__What the task requires__
Go to the line holding "At 76.2n/s, Lexar's" in the data below and repeat it exactly, then each line after it up to and including the one holding "Odun Marketi Tavşan". Omit pictures.

-- Recorded data follows --

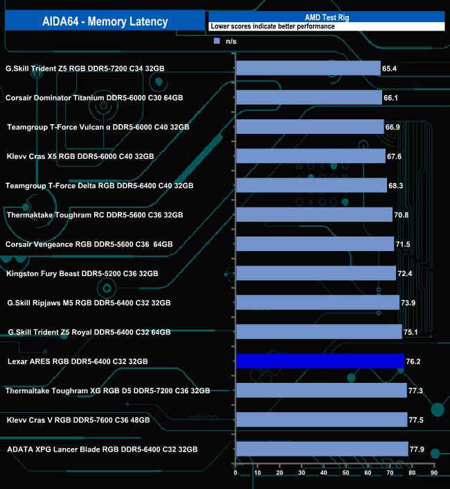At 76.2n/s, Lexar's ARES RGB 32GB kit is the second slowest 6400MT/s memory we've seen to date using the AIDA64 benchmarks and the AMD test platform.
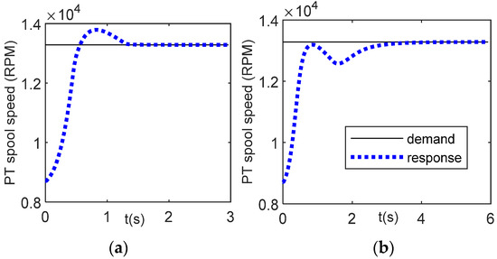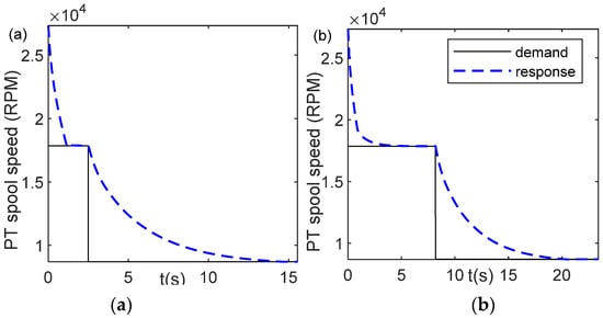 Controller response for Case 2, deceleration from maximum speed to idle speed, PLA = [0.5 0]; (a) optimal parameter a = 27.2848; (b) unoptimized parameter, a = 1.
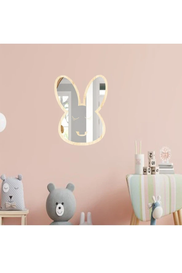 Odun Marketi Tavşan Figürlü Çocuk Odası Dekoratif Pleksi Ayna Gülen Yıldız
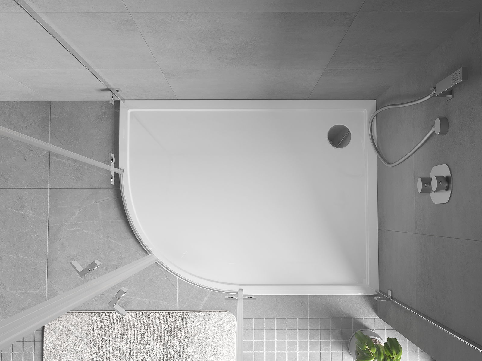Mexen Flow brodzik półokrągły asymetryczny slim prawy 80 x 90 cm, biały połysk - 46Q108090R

-- Recorded data concluded --
-- Recorded data follows --

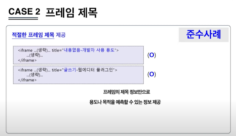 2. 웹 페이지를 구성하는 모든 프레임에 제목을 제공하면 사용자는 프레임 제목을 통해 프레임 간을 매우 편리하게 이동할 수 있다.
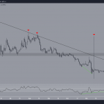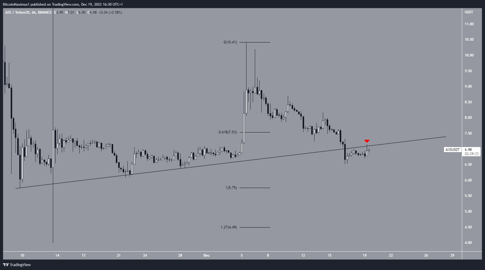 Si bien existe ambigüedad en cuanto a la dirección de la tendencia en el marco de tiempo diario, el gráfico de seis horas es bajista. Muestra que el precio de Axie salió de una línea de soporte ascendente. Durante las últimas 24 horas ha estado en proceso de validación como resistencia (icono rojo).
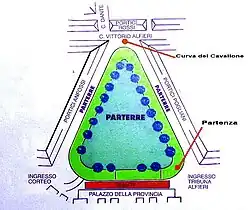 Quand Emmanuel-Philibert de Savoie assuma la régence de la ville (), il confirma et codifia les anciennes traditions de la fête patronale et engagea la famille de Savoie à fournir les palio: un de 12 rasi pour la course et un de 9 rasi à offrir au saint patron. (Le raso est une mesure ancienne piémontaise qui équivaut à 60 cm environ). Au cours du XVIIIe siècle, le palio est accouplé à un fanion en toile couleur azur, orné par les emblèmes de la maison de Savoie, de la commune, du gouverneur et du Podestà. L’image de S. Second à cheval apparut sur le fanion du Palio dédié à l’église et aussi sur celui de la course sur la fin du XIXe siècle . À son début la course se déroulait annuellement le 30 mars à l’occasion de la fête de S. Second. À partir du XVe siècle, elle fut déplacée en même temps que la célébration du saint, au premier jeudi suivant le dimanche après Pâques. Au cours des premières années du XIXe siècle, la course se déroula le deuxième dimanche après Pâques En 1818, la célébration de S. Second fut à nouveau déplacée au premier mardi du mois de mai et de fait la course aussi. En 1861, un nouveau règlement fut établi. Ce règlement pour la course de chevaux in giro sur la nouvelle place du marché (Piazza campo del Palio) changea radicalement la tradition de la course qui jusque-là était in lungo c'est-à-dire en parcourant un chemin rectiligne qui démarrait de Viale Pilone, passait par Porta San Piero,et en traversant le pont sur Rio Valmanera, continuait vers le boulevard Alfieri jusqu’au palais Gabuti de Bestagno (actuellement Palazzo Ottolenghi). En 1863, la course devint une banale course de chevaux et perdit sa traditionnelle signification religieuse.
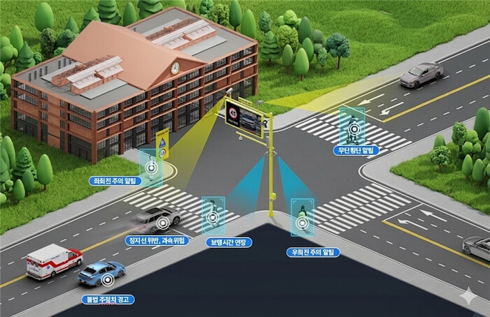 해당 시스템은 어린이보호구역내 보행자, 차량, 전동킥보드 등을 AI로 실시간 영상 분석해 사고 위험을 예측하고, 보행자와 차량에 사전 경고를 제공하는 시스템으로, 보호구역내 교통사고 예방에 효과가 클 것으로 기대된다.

-- Recorded data concluded --

__Result of the exercise__
At 76.2n/s, Lexar's ARES RGB 32GB kit is the second slowest 6400MT/s memory we've seen to date using the AIDA64 benchmarks and the AMD test platform.
 Controller response for Case 2, deceleration from maximum speed to idle speed, PLA = [0.5 0]; (a) optimal parameter a = 27.2848; (b) unoptimized parameter, a = 1.
 Odun Marketi Tavşan Figürlü Çocuk Odası Dekoratif Pleksi Ayna Gülen Yıldız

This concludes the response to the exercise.